2. Die Revision hat gleichwohl keinen Erfolg, weil sich die Vorentscheidung aus anderen Gründen als richtig darstellt (§ 126 Abs. 4 FGO). Diese Vorschrift ist auch dann anzuwenden, wenn das FG die Klage zu Unrecht als unzulässig abgewiesen hat, die Klagabweisung sich aber in der Sache rechtfertigen lässt und das FG hinreichende Feststellungen getroffen hat, die eine Entscheidung über die Begründetheit der Klage ermöglichen (vgl. BFH-Urteile vom 14. März 1991 V R 17/87, BFH/NV 1992, 63, unter 2.; vom 24. Januar 1995 IX R 22/94, BFHE 176, 315, BStBl II 1995, 328, unter 2.; vom 21. Oktober 1996 VI R 4/94, BFH/NV 1997, 330, unter 3.). Diese Voraussetzungen sind im Streitfall gegeben.

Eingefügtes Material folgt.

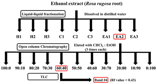 - Park, B.-J. Isolation of main component and antioxidant activities on the stem and root of Rosa rugosa. Korean J. Plant Res. 2008, 21, 402–407. [Google Scholar]

Aufgrund seiner mit Verfahrensrügen nicht angegriffenen und damit den Senat bindenden tatsächlichen Feststellungen (vgl. § 118 Abs. 2 FGO) hat das FG unter Bezugnahme auf das BFH-Urteil vom 12. November 1997 XI R 44/95 (BFHE 186, 344, BStBl II 1998, 774) und in Beachtung der Grundsätze der BFH-Rechtsprechung zur Abgrenzung privater Vermögensverwaltung von gewerblicher Vermietung (vgl. BFH-Urteile vom 25. Juni 1976 III R 167/73, BFHE 119, 336, BStBl II 1976, 728; vom 28. Juni 1984 IV R 150/82, BFHE 141, 330, BStBl II 1985, 211; vom 24. Oktober 2000 IX R 58/97, BFH/NV 2001, 752; vom 14. Januar 2004 X R 7/02, BFH/NV 2004, 945; letztere m.w.N.) die aus der Wohnmobilvermietung erzielten Einkünfte den sonstigen Einkünften i.S. des § 22 Nr. 3 EStG zugeordnet. Danach reichen die von der Klägerin neben der bloßen Vermietung erbrachten Leistungen (Ausstattung des Wohnmobils mit Geschirr und Gewürzen, Versorgung mit Gas und Wasser, Endreinigung) nicht aus, ihrer Vermietungstätigkeit einen gewerblichen Charakter zu geben. Diese Würdigung des FG ist möglich, sie verstößt nicht gegen Denkgesetze und Erfahrungssätze; daher ist die Abweisung der Klage "auch als unbegründet" revisionsrechtlich nicht zu beanstanden.
Auch sind die von der eingeschalteten Vermietungsagentur angebotenen übrigen Leistungen der Klägerin nicht zuzurechnen. Denn Tätigkeiten gewerblicher Dritter können dem betreffenden Vermieter nur zugerechnet werden, wenn sie der Dritte nach dem Inhalt der abgeschlossenen Verträge für den Vermieter erbringt; die Eigenschaft der Vermietungsagentur als Gewerbetreibender ist der Klägerin nicht zuzurechnen (vgl. BFH-Urteile vom 18. Mai 1999 III R 65/97, BFHE 188, 490, BStBl II 1999, 619; in BFHE 119, 336, BStBl II 1976, 728). Insbesondere wurden die großformatigen (auch andere Wohnmobile betreffenden) Vermietungs-Anzeigen im eigenen Namen der Vermietungsagentur ohne Hinweis auf die Klägerin als Vermieterin geschaltet.
3. Ob hinsichtlich der nicht verrechneten Verluste eine Feststellung nach § 10d EStG i.V.m. § 22 Nr. 3 Satz 4 EStG in Betracht kommt, ist in diesem die Einkommensteuer betreffenden Verfahren nicht zu entscheiden.